EFF: “Privacy First: A Better Way to Address Online Harms” (white paper). This is a longer-form argument for privacy as a first principle in technology design. Its scope is broader than AI specifically; the architectural-vs-promise framing this lesson borrows is a small piece of a larger argument about platform regulation. Readers expecting a focused AI-tool analysis will need to filter the AI-relevant parts from the broader policy argument. The paper is also U.S.-centric in its legal references.

Mozilla Privacy Not Included: “How to protect your privacy from ChatGPT and other AI chatbots” (curated article). This article is a snapshot of the AI-tool privacy landscape at one point in time. Vendor policy updates happen faster than Mozilla’s review cycles, so any specific settings-path instruction it gives may be partially out of date for any given product by the time you check. Treat its framework (the multi-layer settings problem, the documentation-complexity problem) as durable; treat its per-product specifics as a starting point for your own verification against the vendor’s current documentation.

Mozilla Foundation blog: “AI privacy: ChatGPT, Claude, Copilot data handling”. This blog post grounds the documentation-complexity observation (the eighteen-document figure) and the researcher commentary the lesson quotes. The figure is a snapshot; documentation counts shift as vendors add, remove, and consolidate policy pages. The lesson cites the figure as a useful illustration of the complexity, not as a stable count. The blog post also leans advocacy in tone, like the broader Mozilla Privacy Not Included program; read it for the diagnosis of the complexity problem, not as a neutral comparison of vendors.

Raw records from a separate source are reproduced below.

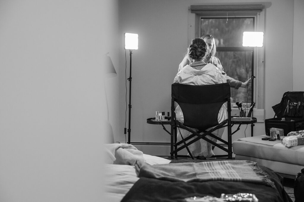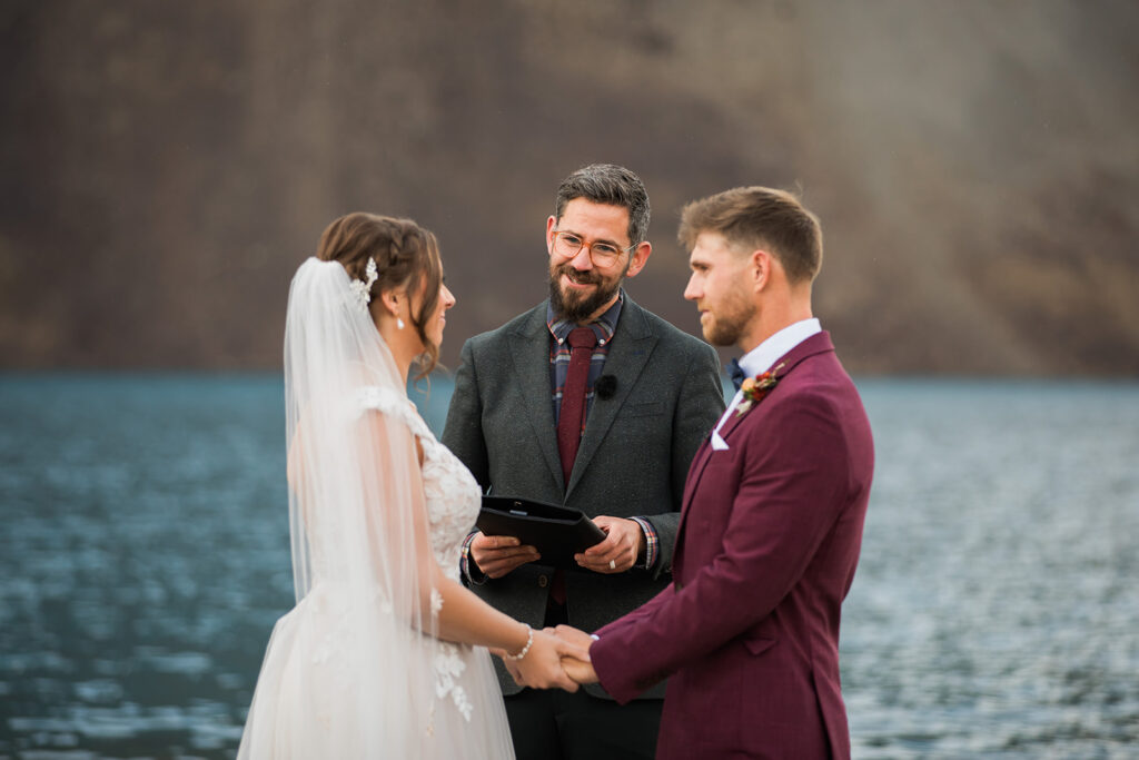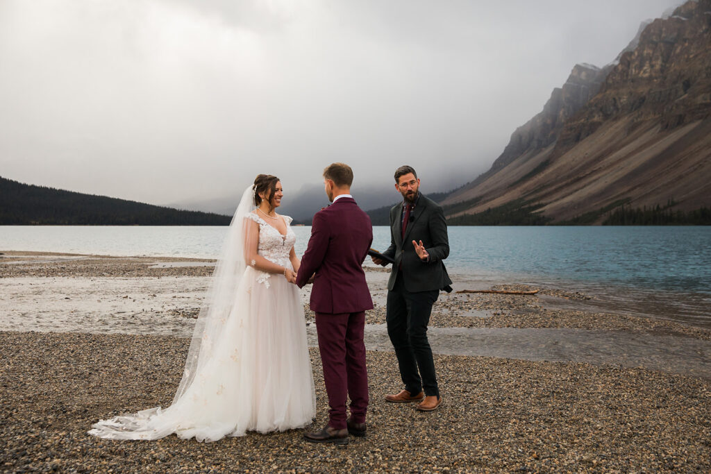Back to the wedding day. The morning started out sunny and beautiful at Bow Lake. Calm water, soft light, and those huge mountains towering over everything. Then, right before their ceremony… a storm rolled in. Dark clouds came over the lake and it started looking like the weather might completely shut things down. Instead of rushing anything, we just waited it out for a bit—and thankfully the mountains cooperated. The storm cleared just enough for Tom and Taylor to have their ceremony and share their private vows by the lake.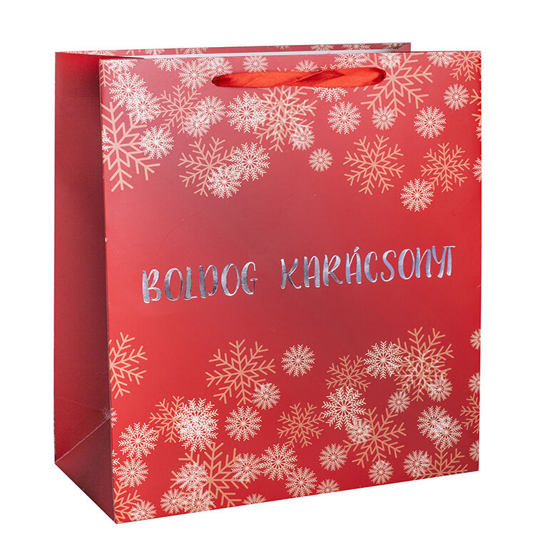 Ajándéktasak - közepes (bordó alapon Boldog Karácsonyt felírat)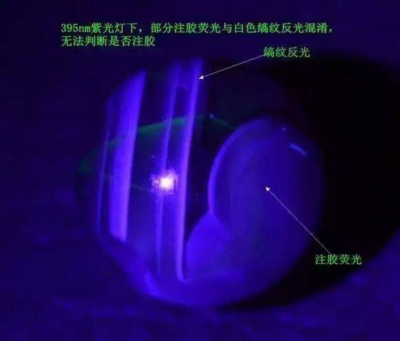 下面是用市面上常见的波长5nm紫光灯照射下的效果,看出胶了吗?这个是裂还是注胶啊?↓↓↓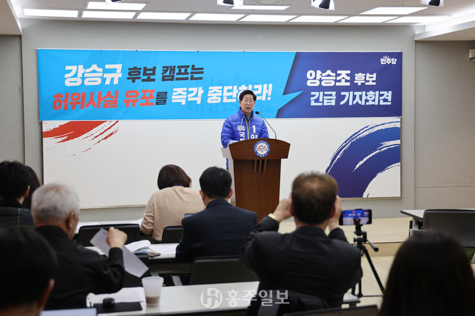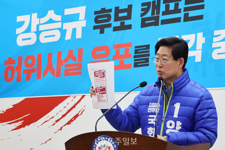 계속해서 양 후보는 “강승규 후보의 허위사실 유포뿐만 아니라 조직적으로 이러한 내용의 선전물이 SNS에서 유통되고 있다”고 주장한 뒤 “선거 결과와 무관하게 사법기관의 힘을 빌어서라도 끝까지 이러한 허위사실 유포에 대해 엄중한 책임을 묻겠다”고 경고했다.

EFF Surveillance Self-Defense: “Your Security Plan”. This is EFF SSD’s introduction to personal threat modeling; it is the source lesson 1.2 builds on directly. For the purposes of this lesson 1.1 (which only forward-references it), the limitation worth naming is that SSD is one well-considered framework, not the only valid one. Other personal threat-modeling frameworks exist (enterprise standards, journalist-specific guides) and would name the same underlying concepts differently. SSD is also U.S.-centric in its worked examples even though the underlying concepts are jurisdiction-neutral.

Adjacent lessons

Section titled “Adjacent lessons”

Topics this lesson connects to in the rest of the track.

  • Lesson 1.2: Your starting point. The immediate next lesson. Takes the three worries you can now name and turns them into the seed of your personal threat model. One paragraph exercise: what am I protecting, and from whom?

  • Phase 3: Threat models in plain language. The phase that formalizes the vocabulary this lesson introduces informally. After Phase 3, you will have a four-category vocabulary for the threats this lesson lumps together as “storage and leak risk” and “vendor lock-in” (vendor retention, training-data inclusion, breach exposure, and government subpoena or bulk surveillance), each with distinct defenses.

  • Phase 4: The five-question vendor rubric. Gives you a ten-minute repeatable check for any AI tool. The rubric operationalizes the three worries (especially the Vendor lock-in worry) into specific questions you can ask every time a new tool enters your workflow.

  • Lesson 6.6: Your complete privacy plan. The final lesson in this track. Returns to the paragraph you write in lesson 1.2 and builds it into a full personal plan. The three worries you named here become the top-level categories of that plan.